Your task ▸ What is needed is an exact transcription of the listing, with the images removed.

Start of Information shown

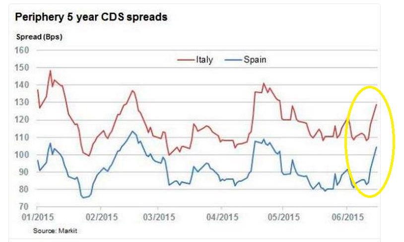 Le possibilità di contagio -qualora la situazione in Grecia dovesse precipitare- è confermata anche dall'aumento dei Credit Default Swap, che hanno subito un discreto aumento, nonostante la sentenza della Corte di Giustizia Europea che ha sancito la legittimità del piano OMT della Bce, lanciato nel 2012.
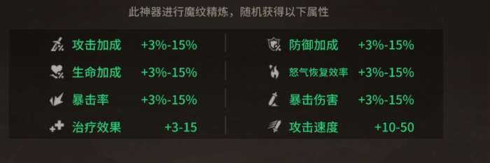魔纹精炼可增加一条额外的属性,魔纹宝石要3级以上石板才能掉落,比较珍贵。建议先将需要精炼的神器都精炼,后续再多次使用选择适用的属性。
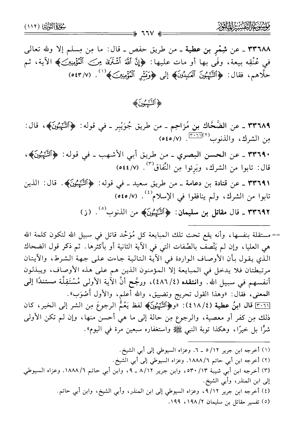٣٣٦٨٩ - عن الضَّحّاك بن مُزاحِم -من طريق جُوَيْبِر- في قوله: {التائبون}، قال: مِن الشرك، والذنوب (¬٢) [٣٠٦١].
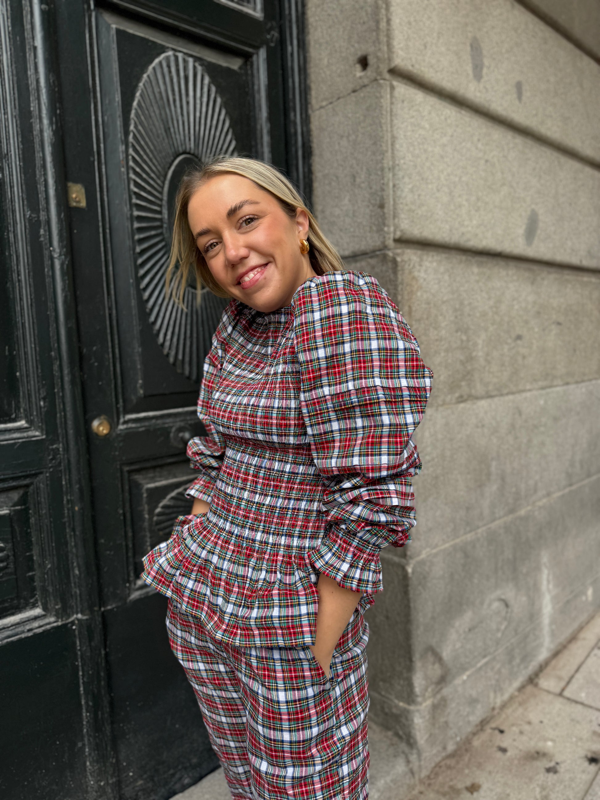 Nuestro conjunto conjunto Paris, confeccionado bajo pedido en un pequeño taller artesanal en España. Cada pieza es creada con cuidado y precisión, reflejando el arte de la sastrería tradicional que destaca por su calidad y atención al detalle.

End of Information shown

Exercise result ▸
 Le possibilità di contagio -qualora la situazione in Grecia dovesse precipitare- è confermata anche dall'aumento dei Credit Default Swap, che hanno subito un discreto aumento, nonostante la sentenza della Corte di Giustizia Europea che ha sancito la legittimità del piano OMT della Bce, lanciato nel 2012.
魔纹精炼可增加一条额外的属性,魔纹宝石要3级以上石板才能掉落,比较珍贵。建议先将需要精炼的神器都精炼,后续再多次使用选择适用的属性。
٣٣٦٨٩ - عن الضَّحّاك بن مُزاحِم -من طريق جُوَيْبِر- في قوله: {التائبون}، قال: مِن الشرك، والذنوب (¬٢) [٣٠٦١].
 Nuestro conjunto conjunto Paris, confeccionado bajo pedido en un pequeño taller artesanal en España. Cada pieza es creada con cuidado y precisión, reflejando el arte de la sastrería tradicional que destaca por su calidad y atención al detalle.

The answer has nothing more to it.